This book, y’all. Razorblade Tears broke my heart and kept me on the edge of my seat in equal measures. It’s a superb piece of crime fiction with powerful messages about racism, sexuality, and accepting your loved ones for who they are, no matter how different they might be, before you run out of chances. It’s about vengeance and justice and learning that you can still grow even when you’ve been set in your ways for longer than you can remember. It’s about family, both that which you’re born into and that which you build for yourself along the way. It’s about grief and how, sometimes, you don’t even feel like you deserve to feel it. Above all, this is a story that felt honest and real and true at its core, despite being a work of fiction.
“Tears ran from his eyes and stung his cheeks. Tears for his son. Tears for his wife. Tears for the little girl they had to raise. Tears for who they were and what they all had lost. Each drop felt like it was slicing his face open like a razorblade.”
This is the story of Ike and Buddy Lee, two men who on the surface couldn’t seem more different. Ike is a middle-class small business owner, married with a lovely house in the suburbs. Buddy Lee is “between jobs,” living in a rundown trailer and subsisting mainly on alcohol. Ike is black, and Buddy Lee is redneck white. They have two things in common: both are ex-cons, and their sons Isiah and Derek are married to each other. Neither man accepts their son’s sexuality, and both have a very strained relationship with their child until the unthinkable happens. Both young men are brutally murdered in their home, leaving behind a three-year-old daughter, unanswered questions, and bitter, regretful grief in their fathers. The book opens at their funeral, which marks the first time Ike and Buddy Lee have ever spoken. Both are deeply regretful of how they had treated their sons, and both are filled with fury over the murder. When the cops have pretty much let the case go cold after a couple of months, Buddy Lee and Ike take the solving of the murder and avenging their sons’ deaths into their own hands.

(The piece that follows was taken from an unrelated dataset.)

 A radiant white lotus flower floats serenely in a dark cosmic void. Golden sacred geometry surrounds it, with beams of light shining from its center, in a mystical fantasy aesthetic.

“It didn’t seem fair for a man to morn someone, abundantly, that he had loved, so miserly.”
Cosby’s work has been classified as violent Southern noir, and that feels exactly right. It captures the feel of the American South superbly, balancing the good and the bad without making us a caricature of ourselves. Razorblade Tears was gritty and dark but ultimately redemptive. The growth of Ike and Buddy Lee over the course of the novel was beautiful to watch. The ways in which they came to terms with their own failings as fathers, and their deep desire to find some way to show the boys that they loved them and accepted them and would have gone to any lengths to apologize for how they treated them in life, was profoundly moving. I also really loved how their relationship shifted from a grudging partnership to a genuine friendship over the course of the novel.

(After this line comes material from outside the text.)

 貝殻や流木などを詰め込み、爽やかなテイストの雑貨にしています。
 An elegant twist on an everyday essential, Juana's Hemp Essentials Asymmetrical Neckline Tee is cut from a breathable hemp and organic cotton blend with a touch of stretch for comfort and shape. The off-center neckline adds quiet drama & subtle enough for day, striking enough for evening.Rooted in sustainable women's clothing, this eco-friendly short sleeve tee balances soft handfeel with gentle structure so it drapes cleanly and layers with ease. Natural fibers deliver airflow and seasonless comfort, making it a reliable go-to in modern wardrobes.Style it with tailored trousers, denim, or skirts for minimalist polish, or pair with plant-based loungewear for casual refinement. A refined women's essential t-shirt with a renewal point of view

“Folks like to talk about revenge like it’s a righteous thing but it’s just hate in a nicer suit…”
The characters and their inner struggles were absolutely my favorite element of the novel. However, there wasn’t a single way in which Cosby fumbled this book. The aforementioned setting was well handled. The mystery element was expertly balanced, managing to be both impossible to guess and totally sensible once revealed. We learned at the same rate as the main characters, which I loved. The explorations of racism, sexuality, and homophobia were beautifully multifaceted. The external conflicts, between Ike and Buddy Lee and those who had been involved in the murders of their sons, were believable brutal. The prose was poetic when it needed to be, and disappeared into the narrative when that best served the plot. And the pacing was perfect for the story.
“The tears came again. They poured from his eyes and ran over his cheeks. Flowed down to the stubble of his chin.
This time did didn’t feel so much like razorblades. They felt like the long-awaited answer to a mournful prayer for rain.”
Razorblade Tears is such a powerful story, and it’s exceptionally well told. It’s moving, thought-provoking, and propulsive, which is a difficult balance to strike. Honestly, there’s nothing about it that I would change. Sensitive readers should be aware of the graphic violence, and might need to pass on this. But if you have a strong stomach and want to be challenged while also experiencing a story that is almost impossible to put down, you should definitely read Razorblade Tears.